There’s a big artistic community…

Very early on after the move, I joined Hastings Creatives, a network with over 1,200 members, which is amazing for a town of this size! If you want to collaborate with a filmmaker, or find a printmaker, a photographer, an art teacher, a set dresser or a fabric designer, in fact anything creative, they’re all in the group. It’s extraordinary. I’m currently [until June 4] exhibiting with five other local artists of Caribbean heritage in WE OUT HERE at Hastings Contemporary. But within five minutes’ walk from my house there is Hastings Art Forum, a gallery that showcases local artists with fortnightly exhibitions, and Electro Studios Project Space, an artist-run gallery where I will be showing some work in their textile show in July.

Hastings Contemporary is a boon…

It is, and it’s fantastic to have a ‘centre of excellence’ showing international art that attracts visitors from all over the south east (and in the case of the current show, Soutine | Kossoff, probably all over the country). But it’s great that they have been persuaded to put on an exhibition representing the burgeoning local arts scene. I’m delighted that WE OUT HERE has been so well received – not just among the black community, but the local community as a whole. However, there is still one large barrier to overcome, and that is the entrance fee.

Many national museums and galleries have realised it’s a false economy, so we are all hoping Hastings Contemporary will revisit this policy and look at the benefits of attracting more – and more diverse – visitors to the building.

There are plenty of other cultural opportunities…

Hastings has a good reputation for live music; there are lots of festivals and annual events, but you are almost guaranteed to find some live music playing somewhere in Hastings every day of the week. The events at venues like The Printworks are always worth checking out, but I also make sure I look at the programme of talks, exhibitions and workshops happening at Photo Hastings.

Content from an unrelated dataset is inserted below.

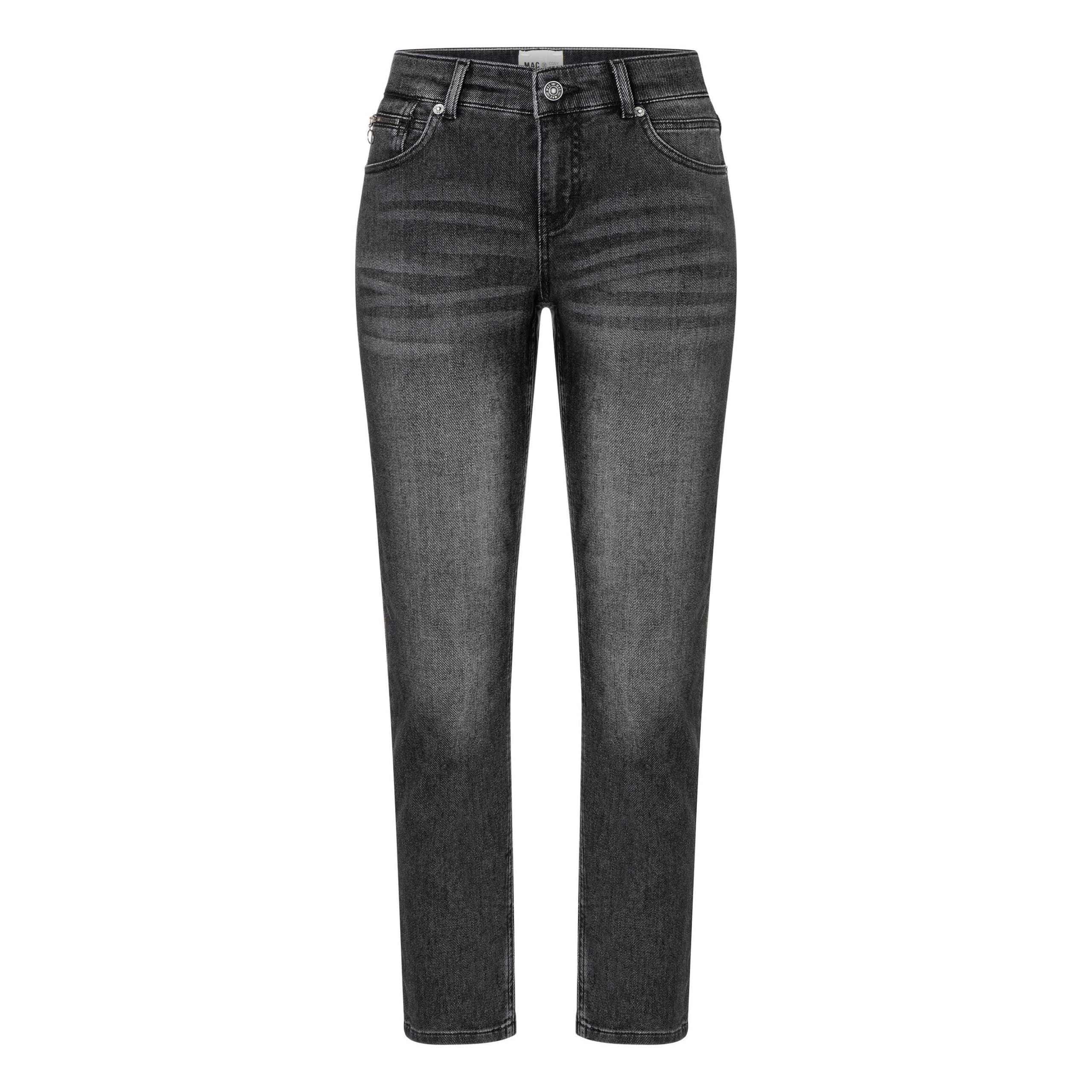 Grijze jeans van MAC, model Slim, straight fit, slim leg. Deze lange broek is gemaakt van stretch thermo denim en heeft een normale taille. De slim fit jeans sluit met een knoop- en ritssluiting en heeft twee steekzakken en twee achterzakken.
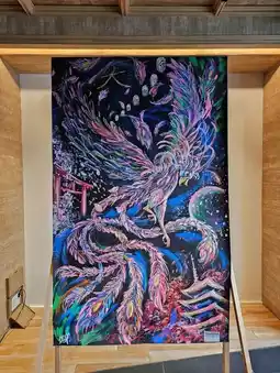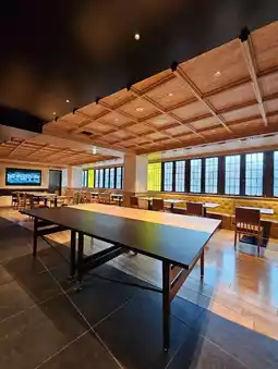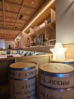 A photogenic social lounge with a bi-color design of wood and black. Free coffee (Kyoto's "Ogawa Coffee") is available in the morning, while the lounge operates as a café during the day and a bar at night.

We are blessed with the independent Electric Cinema in the old town, screening classic and world films, and of course the Kino-Teatr that combines a gallery, restaurant and large cinema space, and hosts some great clubs like the monthly Bavard Bar – a blend of TED talks, comedy and Radio 4! The great thing is, you can do all these things at very little cost, which makes it available to a broad audience, especially young adults.

What about eating out?

We’re very lucky to have The Royal gastro pub opposite St Leonards station, which runs an excellent kitchen; a few meters away, Mama Putts’ serves authentic African/Caribbean food in a smart ‘white tablecloth’ restaurant. Another favourite is the Galleria, an intimate fish restaurant on Norman Road with a small menu, always serving fresh seasonal food. For a perfect sea view with excellent food and an impressive wine selection head to Graze on Grand, and grab the window stools. This wine bar and gallery is always welcoming and relaxed whether you just want a glass of sherry and some olives, or a full three courses. The owner Stephanie has a great eye and always features interesting artists on her walls.

Do you get out of town much?

One of the joys of living in Hastings is that in less than ten minutes you can be in the countryside. Hastings Country Park is on our doorstep. My husband is a passionate gardener, and we are members of the National Trust and English Heritage, so we love going to places like Great Dixter and Sissinghurst. I always enjoy Charleston, particularly their gallery exhibitions, and of course Towner Eastbourne, which has transformed the town. I often find myself in the De La Warr Pavilion in Bexhill and really appreciate the efforts they are making for inclusivity, like the decision to hire older as well as young people to serve in their restaurant. Oh, and we often go to Alfriston, where we are big fans of Cate and Nash who run Much Ado Books.

Tell us a Sussex secret…

More people should know about the Bale House, which is an information centre and café in Hastings Country Park, made entirely out of sustainable materials, mainly straw. It was designed by CAVE Co-operative and it is Hastings’ best-kept secret, but it shouldn’t be! It has won several awards and it is an extraordinary and beautiful-looking building. When you are inside and having a coffee look up… I’ve made some felted acoustic baffles for the ceiling.